We did not fish in the afternoon but a few of the folks that I talked to said that they had their best luck in the afternoon. Some folks reported catching a few walleye, northern pike, perch or some dandy crappie. These were the folks that braved the wind and cold of the main waters of Big Sandy and ventured to other parts of this big magnificent lake some distance from the lodge. There are plenty of islands on this lake where you can go to escape the wind.

This year, however, I did officially catch “the skunk” but at least my friend of many years, Jeff Anderson, sportscaster from Watertown, South Dakota did catch a 10-inch perch to keep the skunk out of our boat. I along with our fishing host, Clarence, who makes Park Rapids his home, had some nice bites but no takers. A nice bite when fishing walleye does not give me the same felling that a follow when fishing for musky does. I did manage to catch a tackle box that I horsed off of the bottom of the lake; it looked like it had been there for quite some time.

Over the years I have occasionally taken Hwy. 65 to the cabin and stopped at the wayside rest near McGregor that looks out over this beautiful lake. I have stopped there with all of my grandsons and pointed out the beauty of this view. They probably couldn’t figure out why I found this so fascinating but to me, this lake holds a special meaning because my mother who taught me how to fish at a very young age and loved to fish herself, came here in her later years.

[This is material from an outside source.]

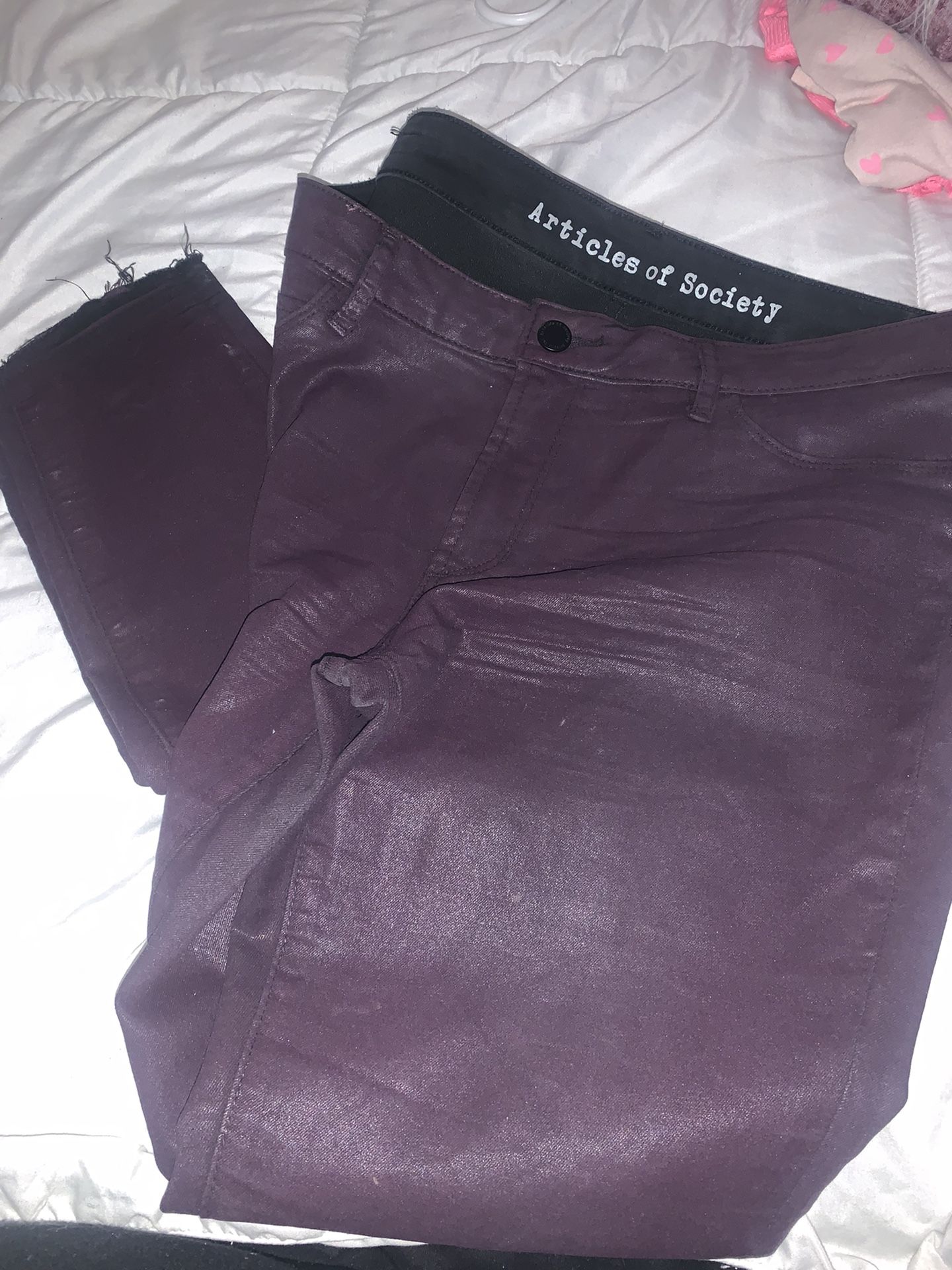 Womans brand new article of society coated jeans Color is plum They are brand new never worn but missing tag Bottoms are open hem style Very stretchy Waist is regular (not high waisted) Porch pick up in fredrickson off 176th

My dad worked with a fellow named Kenny Myron and he and his wife June had a little cabin on this lake. Once or maybe twice a year they would take my mother and dad to the cabin for a few days, where mom could fish and dad could enjoy the outdoors. Both of them spoke many times of how they enjoyed the area and this beautiful lake and how they appreciated the opportunity to come here with friends like Kenny and June. My other fishing mentor, my Uncle Ben, made this his and my Aunt Marcie’s yearly vacation area and they would stay at a family owned resort named Ole’s Resort; Yah, sure, you batcha. This family resort is still there today. My Uncle Ben was an avid fisherman so I always knew that it was a good lake if he came here year after year.

I am glad that I have finally gotten to visit the area that my two fishing mentors loved to frequent. It didn’t take me long to know why they loved this area. Once you take time out from admiring the beauty of the lake you will find the folks of this area very friendly and hospitable. With this being said I will definitely be visiting Big Sandy Lake and the McGregor area again.

Until next time, the fishing opener is behind us so now it’s time to get serious about fishing; whether it is fishing from a boat, one of the area fishing piers or just sitting on the bank of one of the lakes – enjoy!

Please remember to keep our troops in your thoughts and prayers for they are the reason that we are able to enjoy all the freedoms that we have today.